Desenvolvendo Líderes para uma Crise – O Ego é o Inimigo
Em abril de 2010, quando uma explosão na plataforma Deepwater Horizon desencadeou o maior derramamento acidental de petróleo do mundo, todos os olhos se voltaram para o Golfo do México e a tragédia. Em seu papel rapidamente nomeado como Comandante nacional de Incidentes (NIC), o Almirante da Guarda Costeira dos Estados Unidos Thad Allen enfrentou uma tarefa extraordinária: entregar a resposta do governo dos EUA a esta crise sem precedentes e em desenvolvimento.
Com dezenas de milhares de pessoas envolvidas nos esforços de resposta, Allen foi colocado em uma situação caótica e complexa. Ele liderou inúmeras equipes, organizações terceirizadas e milhares de voluntários – todos trabalhando para minimizar o impacto social, econômico e ambiental do derramamento.
Ao mesmo tempo, Allen também teve que:
- entrelize com vários interesses corporativos
- gerenciar uma matriz de relações intergovernamentais e interagências
- fornecer atualizações públicas sobre as atividades e resultados da resposta
Allen não era estranho à gestão de crises. Ele estava envolvido na resposta do governo dos EUA ao furacão Katrina e aos ataques terroristas de 11 de setembro. No entanto, ficou claro que essa crise seria diferente em tamanho e impacto.
O derramamento teve o potencial de devastar os meios de subsistência das pessoas em todo o Golfo e impactar significativamente o ecossistema marinho local. Também ameaçou destruir entidades globais e prejudicar uma série de altos funcionários públicos, incluindo o então presidente dos EUA Barak Obama.
Sob uma incrível pressão para entregar resultados, Allen mais tarde comentaria sobre o desafio que enfrentou ao promover uma "unidade de esforço" entre as partes relevantes envolvidas.
Assuntos de contexto
Todos os dias, a maioria de nós se encontra em situações que vão de simples, certos, estáveis e claras a voláteis, incertas, complexas e ambíguas. Os líderes mais adeptos entre nós têm sucesso porque podem mudar de marcha adequadamente, absorver a complexidade crescente e transmitir um plano claro e simples.
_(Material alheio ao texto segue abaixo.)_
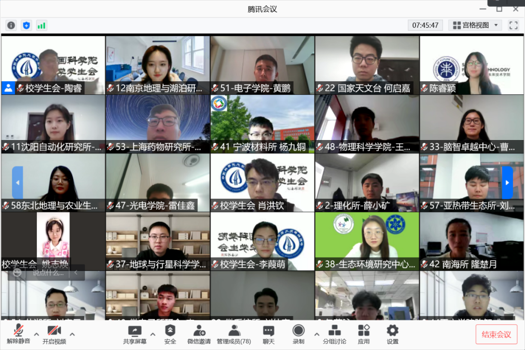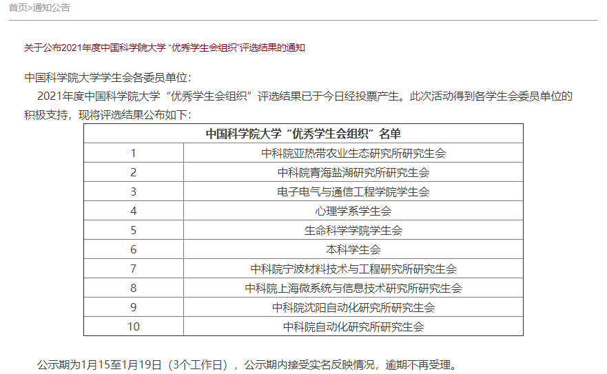 1月15日,中国科学院大学学生会对137个委员单位的学生会工作情况开展了2021年度各委员单位的述职评议工作,校团委,校学生会以及相关研究所研究生会负责人参加了本次会议。
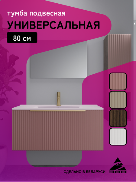 Тумба для ванной под умывальник ЗОВ Дублин 80 / DU80TSMFR (флавио античная роза). Совместимые модели - умывальник (Oliveeka S80), столешница (795х458 мм)

O primeiro desafio que a maioria dos líderes de crise enfrenta é reconhecer a complexidade da situação em que se encontram. Para isso, descobrimos que o Cynefin Framework, um modelo de Sense Making desenvolvido por Dave Snowdon é benéfico.
Complexo: Um cenário que é apenas retrospectivamente coerente; causa e efeito não é previsível | Complicado: Um cenário potencialmente conhecido; causa e efeito é opaco, e especialistas são obrigados a entender |
Caótico: Um cenário incoerente; sem ligação entre causa e efeito, requer estabilidade | Simples: Um cenário onde existe uma relação estabelecida entre causa e efeito, e a situação é perceptível, previsível e repetível |
Uma crise é interessante, pois muitas vezes é multifacetada, exigindo que líderes e equipes de gerenciamento de crises operem simultaneamente em todos os quatro domínios:
- Para navegar pelo 'Complexo' e gerenciar polaridades
- Envolver especialistas para resolver o 'Complicado'
- Para estabilizar o 'Caótico'
- Para trazer as melhores práticas para o 'Simples'
Embora todas essas atividades sejam muitas vezes essenciais para evitar uma crise, o foco deste artigo está no domínio complexo e como podemos equipar melhor os líderes para lidar com a complexidade em uma crise.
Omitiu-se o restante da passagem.